S’OK Ecks (and welcome back) there will be a yellow star badge for the unvaccinated, just as an aid to making you safe, of course.
Lots of commentators haven’t read the reports or just refuse to believe them.
There is not-quite-infinite human variability so no guarantees but BioNTech has got a 90%-ish success rate on young healthy volunteers showing no symptoms which sounds pretty good to me. The Oxford-AstraZeneca vaccine is reported to be equally effective on old people like me so I shall ask for that one.
I shall certainly take the vaccine – a couple of years ago my elder son was put on an immunosuppressant drug to treat his asthma so I want to be totally confident I can’t be a Covid-19 carrier before seeing him at short range.
Ecks, they won’t need plod to enforce it. As Rhoda says, no pass, no shopping. Those of a Christian persuasion will see the mark of the beast in what they have planned.
Changing the law is a breeze. Haven’t you noticed?
I suspect Refuseniks are in for a good few years of pain.
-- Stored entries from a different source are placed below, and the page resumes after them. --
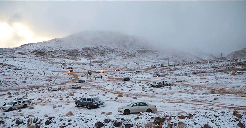 Pusat Meteorologi Nasional (NCM) menyatakan cuaca ekstrem tersebut disebabkan oleh masuknya massa udara dingin yang membawa awan hujan dan menurunkan suhu hingga di bawah nol derajat Celsius di beberapa wilayah. Seiring kondisi tersebut, otoritas setempat mengeluarkan peringatan dini dan mengimbau masyarakat untuk meningkatkan kewaspadaan, terutama saat berkendara, mengingat potensi terbentuknya lapisan es di jalan serta kemungkinan terjadinya angin kencang, hujan es, dan kabut dalam beberapa hari ke depan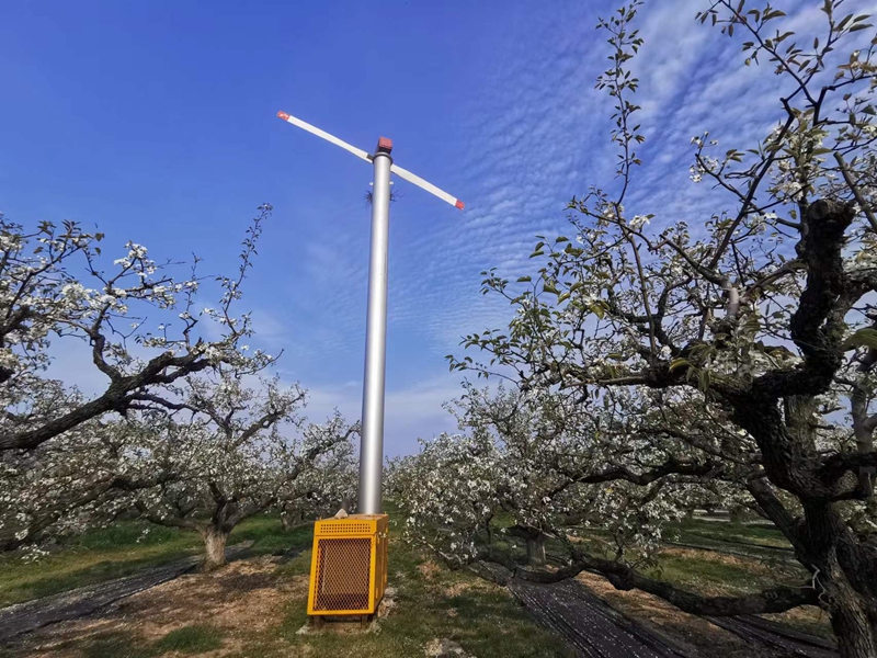 砀山果园场公司产业科技部主任、农业技术推广研究员陈加红告诉记者,过去,一到3月底4月初梨树开花季节,梨农就害怕,怕倒春寒冻坏梨花,可能会绝收。他指着一台像风力发电机一样的“大家伙”说,这叫防霜风机,梨树开花季节,如果出现低温霜冻天气,打开机器,就可以提高果园温度2-3摄氏度。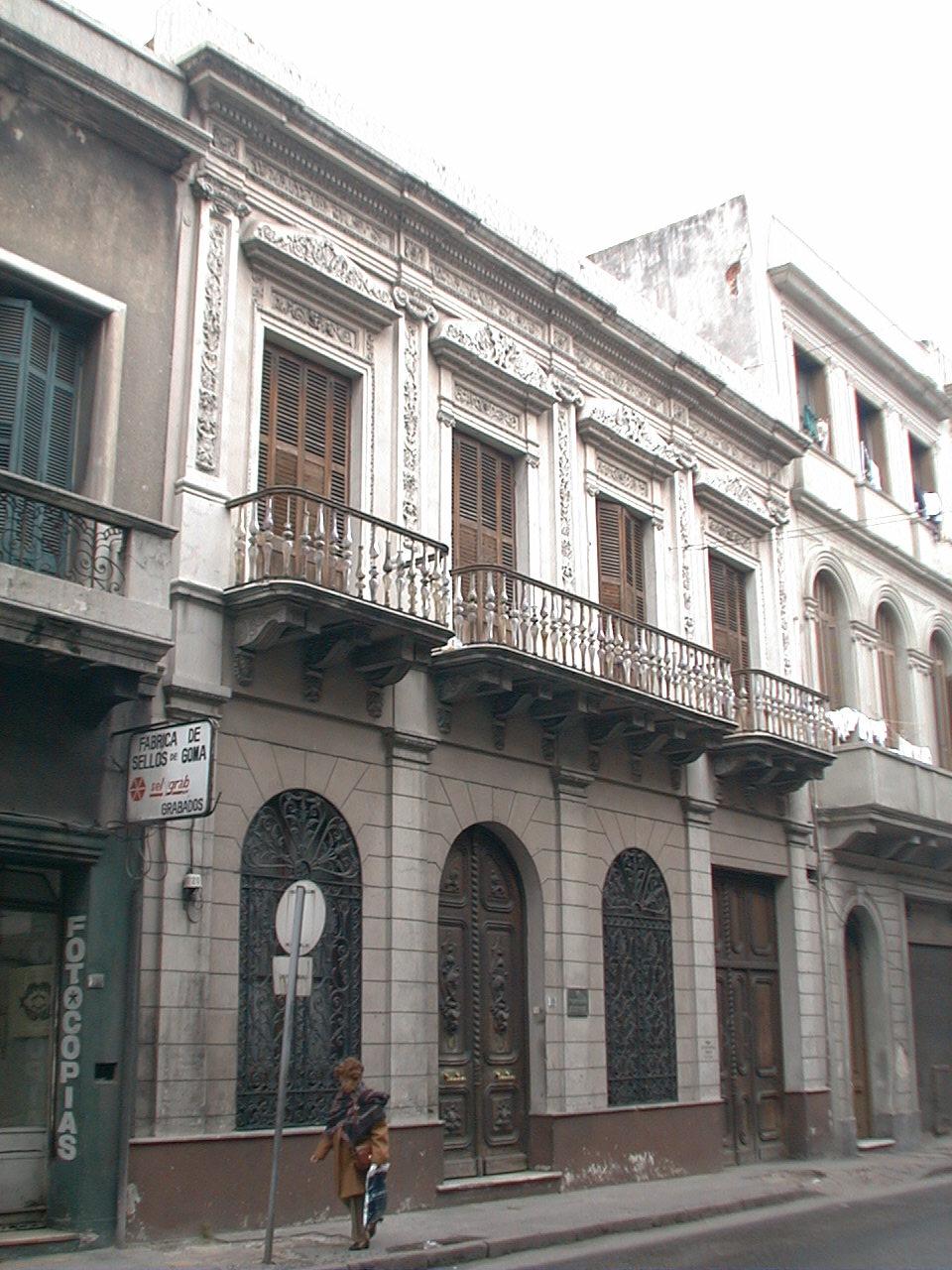 Vivienda burguesa que perteneció a Juan Francisco Giró, constituyente, legislador y presidente de la República. Fue construida en la primera mitad del siglo XIX por su padre. En 1840 fue remodelada y ampliada con proyecto del Ingeniero Carlos Zucchi, quien debido a la envergadura de los trabajos de reforma de la vivienda original es considerado como su autor. Ubicado en un singular predio en forma de martillo, los dos patios principales están recostados contra una de las medianeras, reservando el fondo para el patio secundario, al que se accede a través de una profunda cochera. La fachada, afiliada al eclecticismo historicista, recurre a una gran riqueza ornamental concentrada en el friso, chambranas y pilastras del primer nivel, mientras que la planta baja recibe un tratamiento más austero. Destaca el trabajo artesanal de la herrería y carpintería de puertas, y los singulares balaustres de cristal del balcón. El edificio es propiedad del Ministerio de Educación y Cultura. Es Monumento Histórico Nacional desde 1975.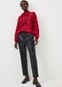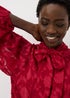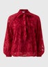 Perfect for day-to-night dressing, this chic red jacquard blouse makes a bold statement. The delicate floral mesh overlay adds depth and movement, while the sheer sleeves introduce a light, elegant contrast. A soft tie-neck detail completes the look, offering a refined finish that can be styled loose or in a neat bow. With its relaxed silhouette and gently gathered cuffs, this piece strikes the perfect balance between sophistication and ease.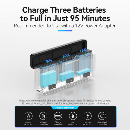 The charging box is equipped with multiple safety mechanisms. These protect your batteries from overheating, overcharging, overvoltage, and short circuits. So you can charge your batteries with peace of mind, knowing they are safe.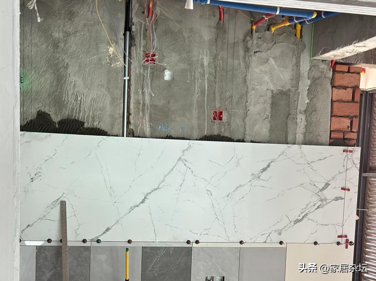 如果我們想省錢,那麼就把隱藏的區域粘貼隱藏磚。也就是一些廉價的瓷磚,不用太好,只要把這個位置貼結實就可以。而對於外露的部分,就粘貼高級的巖板。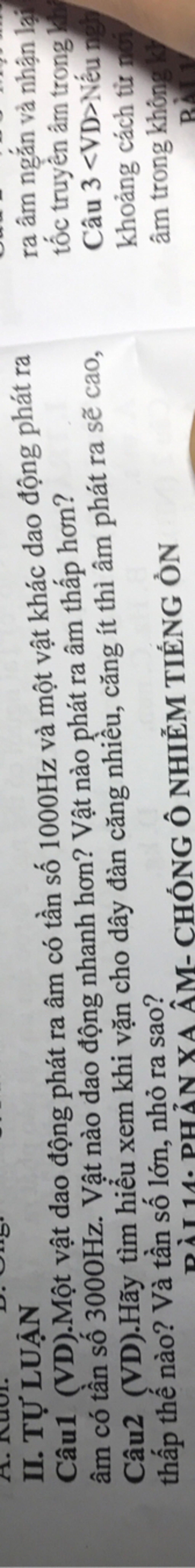 âm có tần số 3000Hz. Vật nào dao động nhanh hơn? Vật nào phát ra âm thấp hơn?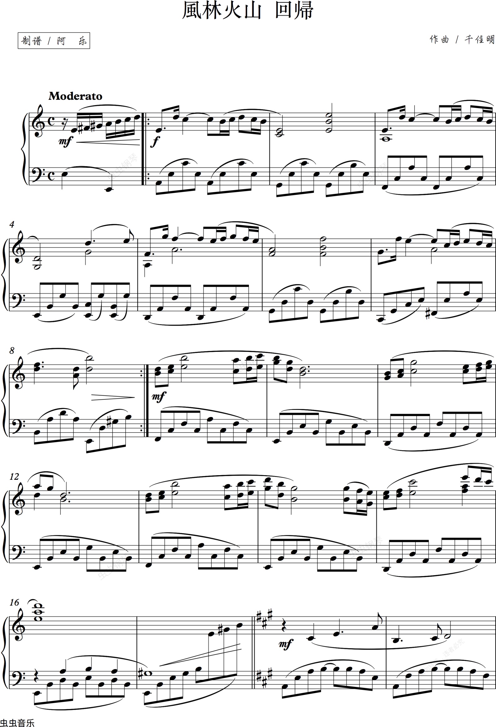 钢琴谱:风林火山~回归~ NHK大河剧主题曲 专辑钢琴版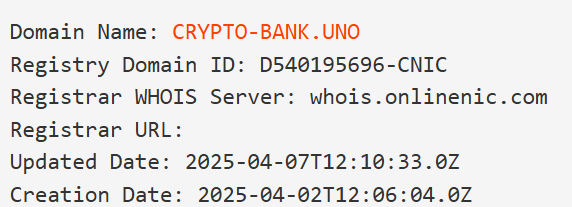 В январе 2026 года сервис доступен по адресу Crypto Bank Uno. Срок жизни этого домена составляет всего несколько месяцев, однако ранее площадка работала под иным названием и на другом адресе. Ее суммарный возраст составляет около 7 лет, что довольно солидно и внушает доверие.
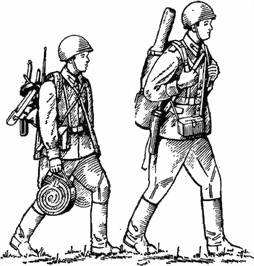 Рис. 44. Переноска гранатомета в разобранном виде: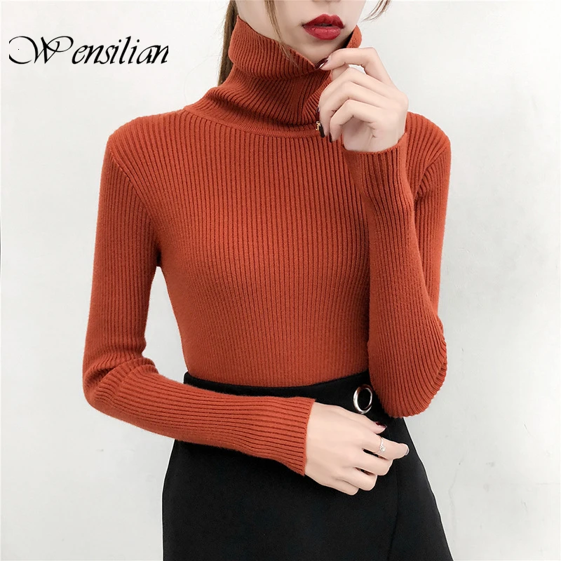 Зимняя одежда, женские свитера, Повседневная вязаная водолазка, мягкий джемпер с воротником-поло, модные облегающие пуловеры, женские свитера, Женский пуловер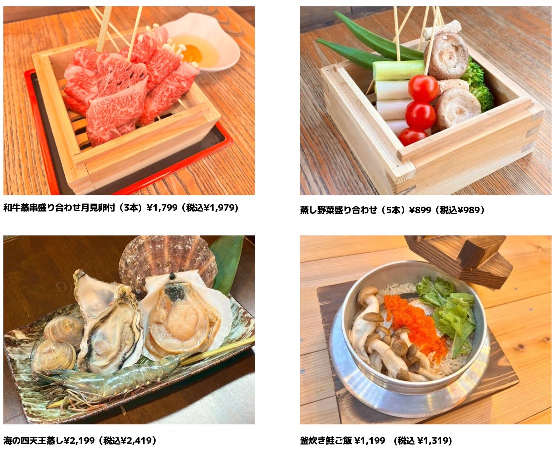 今回のリニューアルでは『蒸串』なる新ジャンルを新たなラインナップに加えました。串もののメニューと言えば、「焼き」や「揚げ」が主流ですが、カイフォルニアでは店舗の根幹でもある【特大蒸し器】を使い、『蒸串』としてご提供します。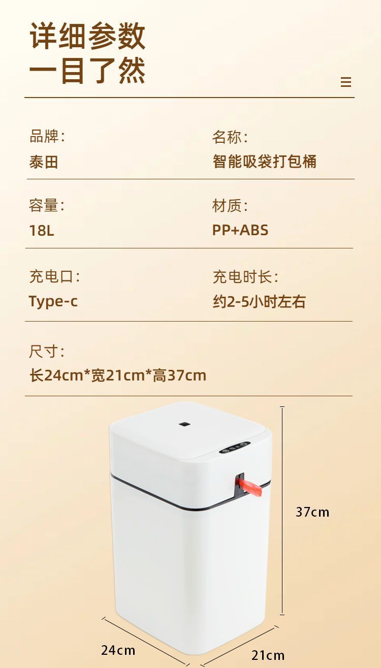赠送:电池/数据线,1卷垃圾袋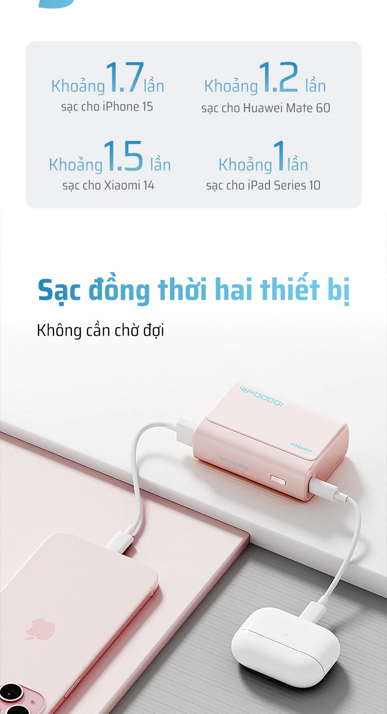 Mức dung lượng lớn cho phép bạn sạc đầy iPhone 15 khoảng 1.8 lần hoặc Samsung S24 khoảng 1.6 lần. Bạn có thể hoàn toàn yên tâm sử dụng thiết bị suốt cả ngày dài.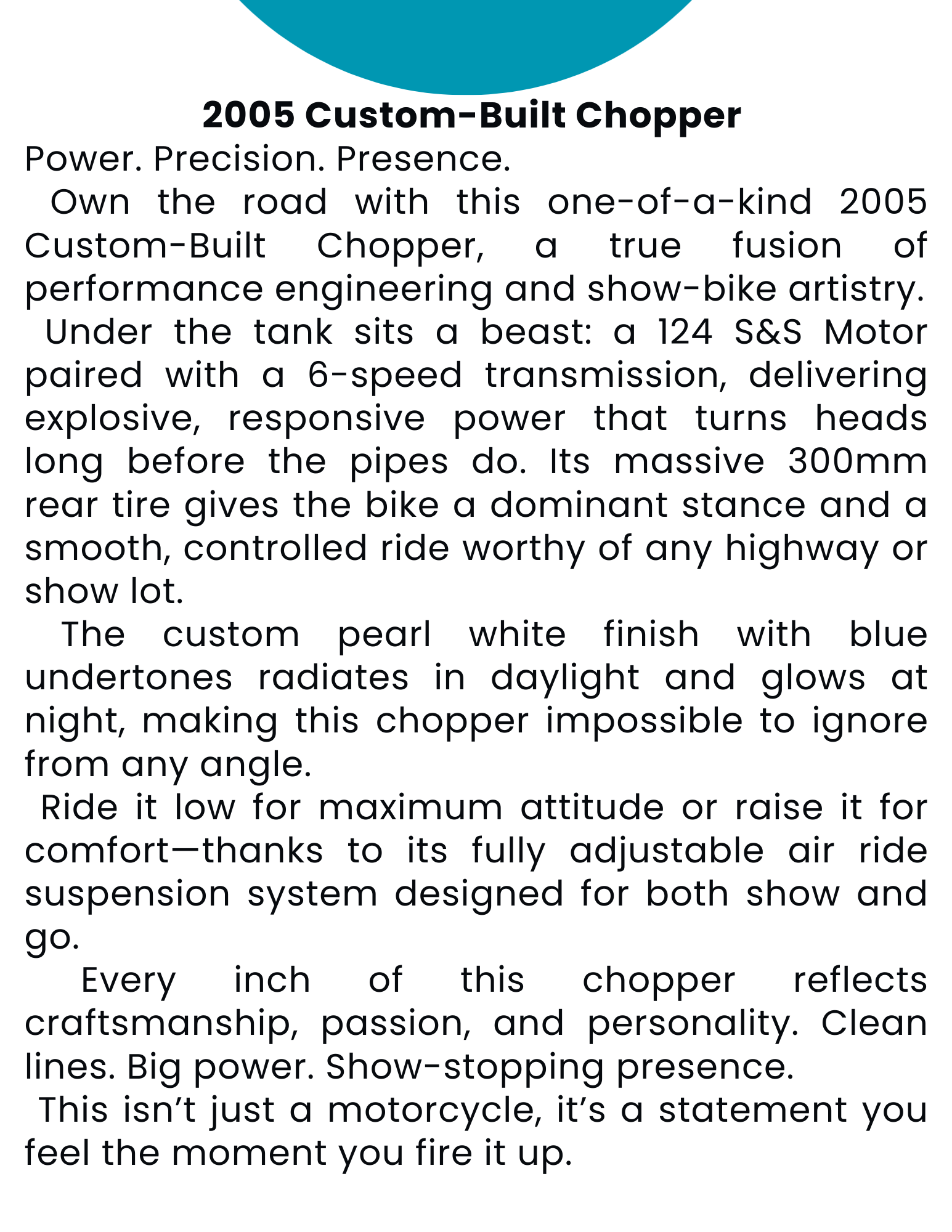 A show-stopping, one-of-a-kind custom bike. Chrome, attitude, and soul.

Could be much longer, seeing as the media is completely on-narrative, so even widespread side effects and blatant lack of efficacy (not because the vaccine doesn’t work but because the epidemic has run its course) will not prise the 80% of panicked terrified mask-wearing denouncers of covidiots like us out of their comfortable paranoia.
I think this is possibly the first ever global mass psychosis phenomenon.
“I think this is possibly the first ever global mass psychosis phenomenon.”
Did you overlook climate change, BiG? Even our host appears to have succumbed to that one.
I don’t think that’s the same at all. 40+years of environmental schlock have seen people …
…
wait for it …
switch to bamboo coffee cups.
I’m not saying that global warming doesn’t have its fair share of swivel-eyed prophets of doom, of course it does. But the population as a whole? On a revealed preferences basis, it is very far removed from coviphrenia.